> **What is required**
Recreate the listing that follows line for line, without pictures.

> **Data shown**
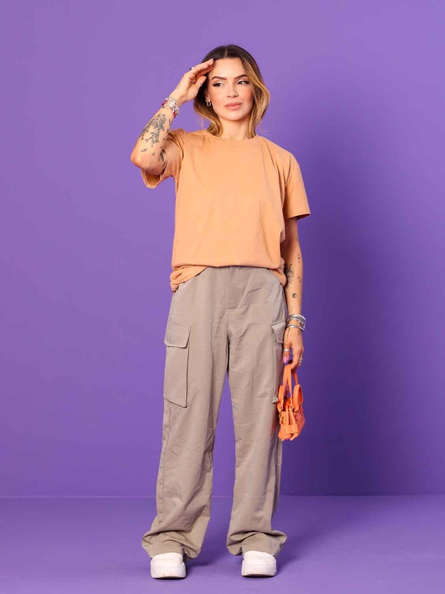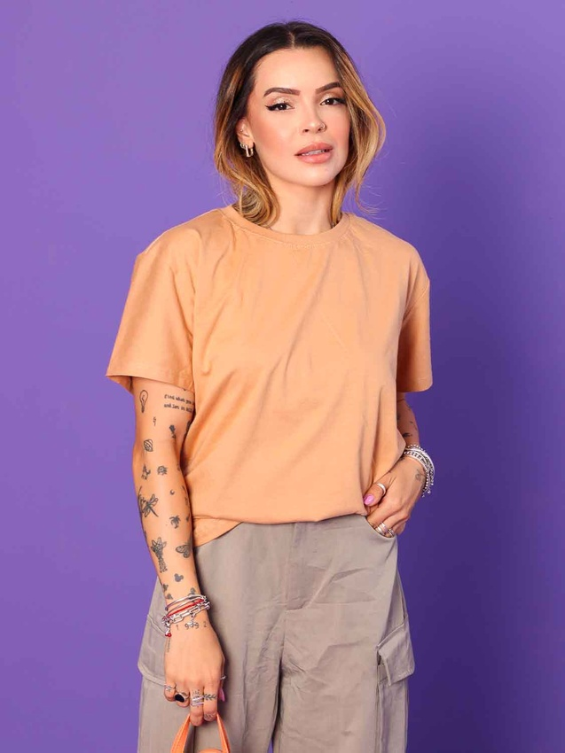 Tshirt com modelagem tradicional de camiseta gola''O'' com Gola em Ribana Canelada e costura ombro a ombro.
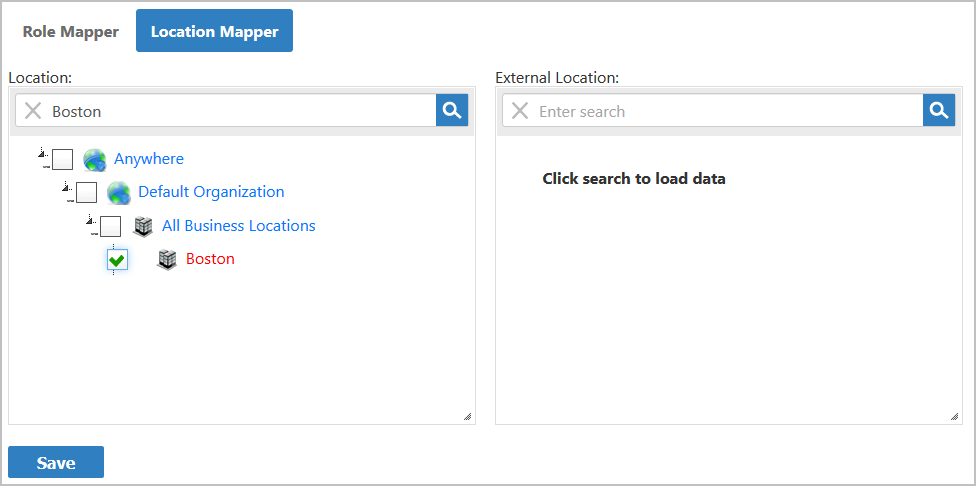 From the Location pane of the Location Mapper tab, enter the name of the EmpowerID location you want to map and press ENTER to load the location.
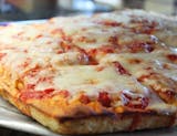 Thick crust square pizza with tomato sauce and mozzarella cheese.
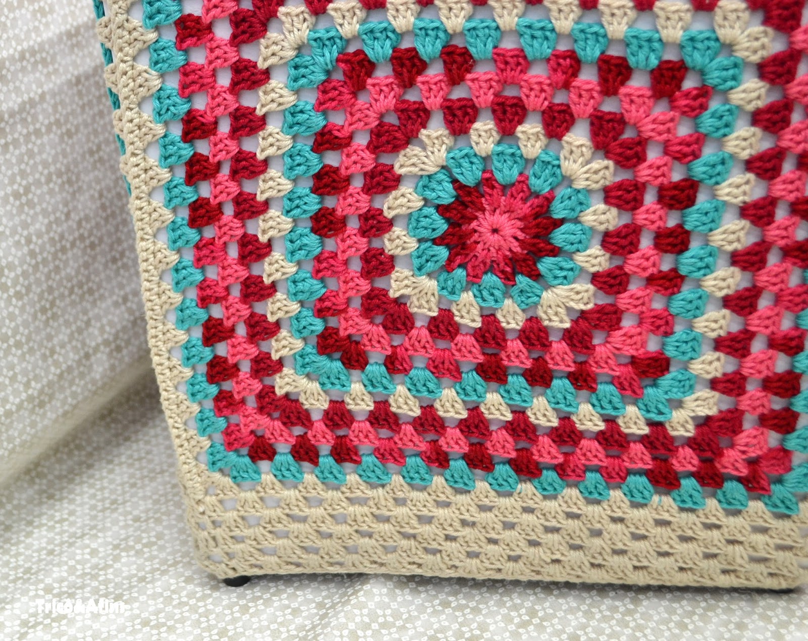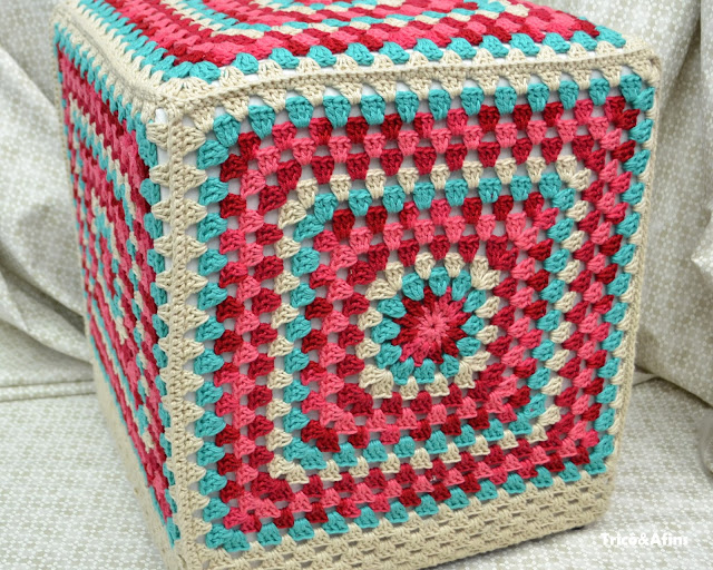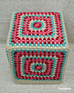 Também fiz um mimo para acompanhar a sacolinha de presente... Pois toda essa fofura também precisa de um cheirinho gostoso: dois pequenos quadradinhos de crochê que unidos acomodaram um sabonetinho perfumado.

> **Your solution**
 Tshirt com modelagem tradicional de camiseta gola''O'' com Gola em Ribana Canelada e costura ombro a ombro.
 From the Location pane of the Location Mapper tab, enter the name of the EmpowerID location you want to map and press ENTER to load the location.
 Thick crust square pizza with tomato sauce and mozzarella cheese.
 Também fiz um mimo para acompanhar a sacolinha de presente... Pois toda essa fofura também precisa de um cheirinho gostoso: dois pequenos quadradinhos de crochê que unidos acomodaram um sabonetinho perfumado.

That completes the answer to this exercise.